First order of business: A very happy birthday to my Mommy (that’s Mommy Moo to you). Mom, I tried to buy you a younger age for your birthday since it was all you asked for, but there were some logistical complications. I love you! When the weather is nice I’m taking her to New York for the weekend and treating her me to Ladurée and a show on off Broadway.

Second order of business: Boyfriend is officially en route back to this side of the world, landing in Philadelphia at 8:30 tonight. I’m mostly excited for Fitz, who will finally be able to stop searching the house in a panic, convinced Male Human is hiding somewhere and why won’t he just come out and play already? And, okay, maybe I’m a little excited to have Boyfriend back, and not just because I get to sing, “Hey la, HEY LA, my boyfriend’s back!”
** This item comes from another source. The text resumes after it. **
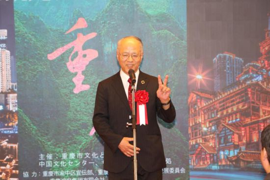 前日本駐重慶總領事、日中協會理事長瀨野清水用流利的中文致辭。他說:“重慶名字喜慶,好事不僅一個,最起碼有兩個,所以叫‘重慶’。中國唐代大詩人杜甫有詩云‘潤物細無聲’,觀光旅游就是能起到萬物入心的無聲作用。我對重慶非常懷念,有機會讓我們一起到重慶去吧!”

I finished season 4 of Gossip Girl last week and proceeded to freak out at Theresa about the cliffhanger it ended on. I’m not going to ruin it for anyone who might want to get into the show, but OH MY GOD. And the cruelest part is that the first 10 episodes of season 5 (which is currently airing) aren’t on Hulu Plus or Netflix or anything, so I’m left having to be patient (!#^%!^!&^) and wait until the season repeats over the summer. I might die. Of being overdramatic.

In an effort to distract myself, here is a round-up of items for the most intense character on the show: Charles Bartholomew Bass. He of the hotelier fame with the devilishly low voice. He might or might not have tried to date rape a few characters early on, but he redeemed himself by trading his girlfriend to his uncle for a hotel. It’s a long story, and one that only works on tv. 

 1. Whisky / 2. Flask / 3. Book / 4. Signet ring / 5. Ascot / 6. Cufflinks / 7. Notebook

I love a man who can rock an ascot, or own a $650 book of vintage soft-porn. That notebook says “Excesses I Had and Liked,” which, if you’ve ever watched a single episode, might as well be the alternative title to the entire show.

Who should I do next? I think I’m only interested in Dan and Serena. As far as I’m concerned Vanessa and Jenny are a waste of screen time.